▶ **EXERCISE INSTRUCTIONS**: Because the images are not wanted, restate every line below word for word without them.

▶ **DATA EXCERPT**:
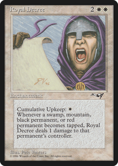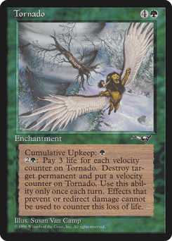 Cumulative upkeep—Pay 1 life. (At the beginning of your upkeep, put an age counter on this permanent, then sacrifice it unless you pay its upkeep cost for each age counter on it.) At the beginning of each player's upkeep, that player sacrifices a green or white permanent of their choice.
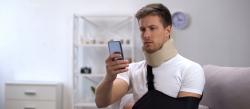 Eine junge Frau telefoniert mit ihrem Smartphone, während sie einen Tablet-PC hält
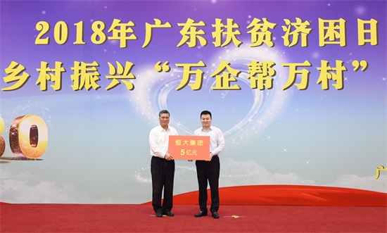 活動(dòng)儀式上,恒大集團(tuán)捐款5億元,用于幫扶河源市連平縣、和平縣發(fā)展油茶、鐵皮石斛、獼猴桃、花卉等特色產(chǎn)業(yè),連片打造現(xiàn)代農(nóng)業(yè)示范園;同時(shí),在產(chǎn)業(yè)幫扶項(xiàng)目周邊,整體規(guī)劃、集中建設(shè)山美水美、有特色、有產(chǎn)業(yè)、能造血的美麗鄉(xiāng)村示范村。截至目前,恒大已累計(jì)為廣東扶貧濟(jì)困日活動(dòng)捐款超20億元。

▶ **ANSWER BELOW**:
 Cumulative upkeep—Pay 1 life. (At the beginning of your upkeep, put an age counter on this permanent, then sacrifice it unless you pay its upkeep cost for each age counter on it.) At the beginning of each player's upkeep, that player sacrifices a green or white permanent of their choice.
 Eine junge Frau telefoniert mit ihrem Smartphone, während sie einen Tablet-PC hält
 活動(dòng)儀式上,恒大集團(tuán)捐款5億元,用于幫扶河源市連平縣、和平縣發(fā)展油茶、鐵皮石斛、獼猴桃、花卉等特色產(chǎn)業(yè),連片打造現(xiàn)代農(nóng)業(yè)示范園;同時(shí),在產(chǎn)業(yè)幫扶項(xiàng)目周邊,整體規(guī)劃、集中建設(shè)山美水美、有特色、有產(chǎn)業(yè)、能造血的美麗鄉(xiāng)村示范村。截至目前,恒大已累計(jì)為廣東扶貧濟(jì)困日活動(dòng)捐款超20億元。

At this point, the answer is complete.